By late April 1975, it had become all too clear that the 19-year-long Vietnam War was nearly over. With the People’s Army of North Vietnam just outside the city limits, Saigon—the then capital of the Republic of South Vietnam—was only days away from falling into enemy hands.
The reality soon set in for U.S. Ambassador Graham Martin, and a full evacuation of all American military and civilian personnel in Saigon, along with thousands South Vietnamese civilians, was ordered. The evacuation, dubbed “Operation Frequent Wind,” called for the U.S. Embassy in Saigon to be a secondary evacuation point but the complex was soon overwhelmed by locals and high-ranking South Vietnamese politicians alike, all desperate to flee the country.
In all, 7,000 people were airlifted out of South Vietnam in just two days, many of them via the U.S. Embassy. The last to leave were 11 U.S. Marines that had taken up position on the embassy’s roof, after fighting back massive, unruly crowds that had overrun the building’s grounds. The marines were evacuated from the embassy at 7:53 AM on April 30, marking the unceremonious end to America’s involvement in the Vietnam War.

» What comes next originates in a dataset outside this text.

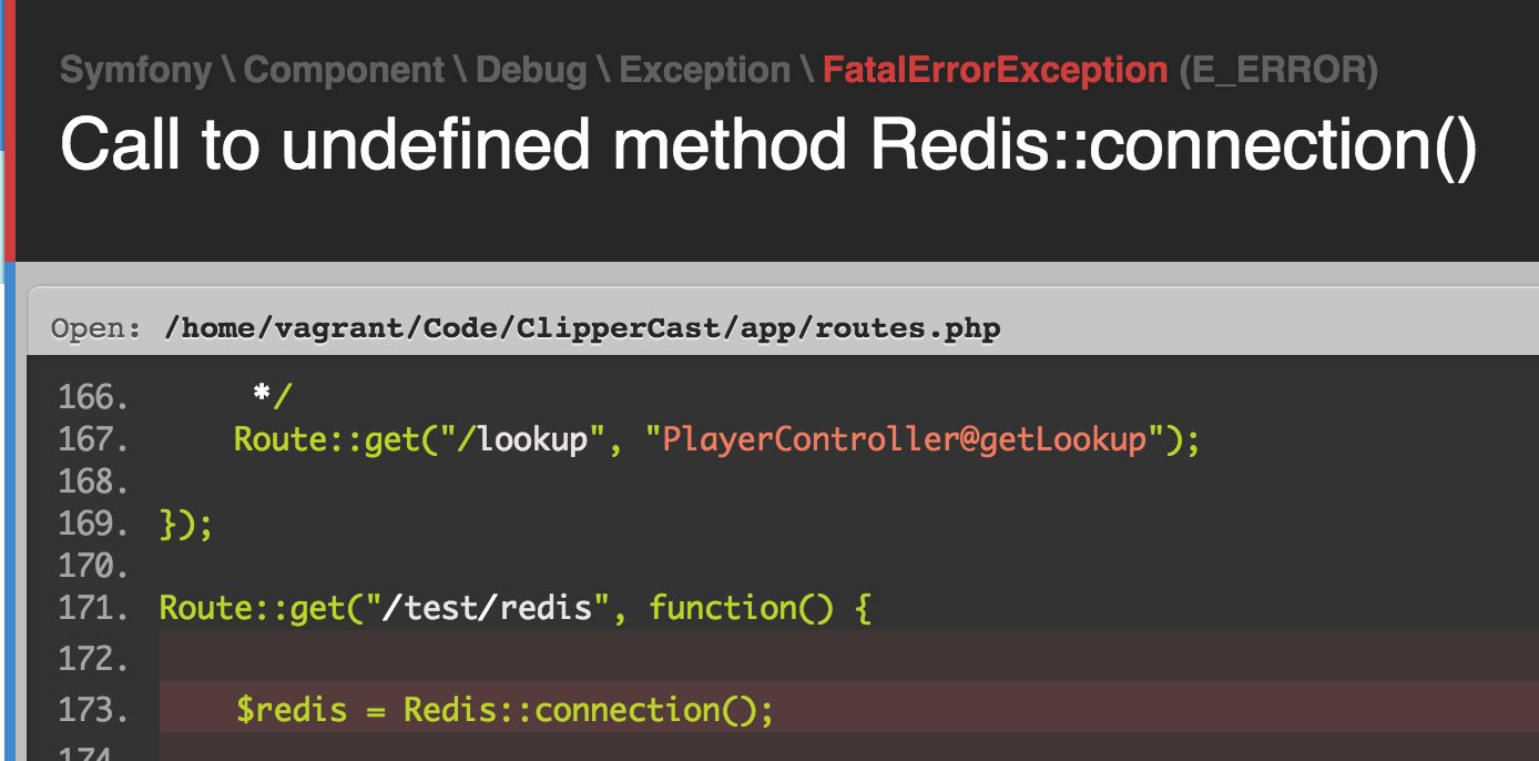 It's Thursday night, and you're looking to start using Redis in your Laravel application. You fire up your Homestead box (more on this in another post), open your favourite IDE and put in a new route to start playing around. Just something simple to start, write then read a value, just like the example.

The former embassy itself no longer exists. Vietnam handed the building back over to the U.S. in 1995 after the two countries re-established diplomatic relations but the complex was in need of numerous repairs after being neglected for over 20 years. The building was demolished in 1998 and a new Consulate-General was built adjacent to the old embassy.
Know Before You Go
Today, history buffs can visit the site of what was once the US embassy, and be guided through the history and events that took place at this important location.The rooftop stairway from the original embassy building was salvaged and is now on display at the Gerald R. Ford Presidential Museum in Grand Rapids, Michigan.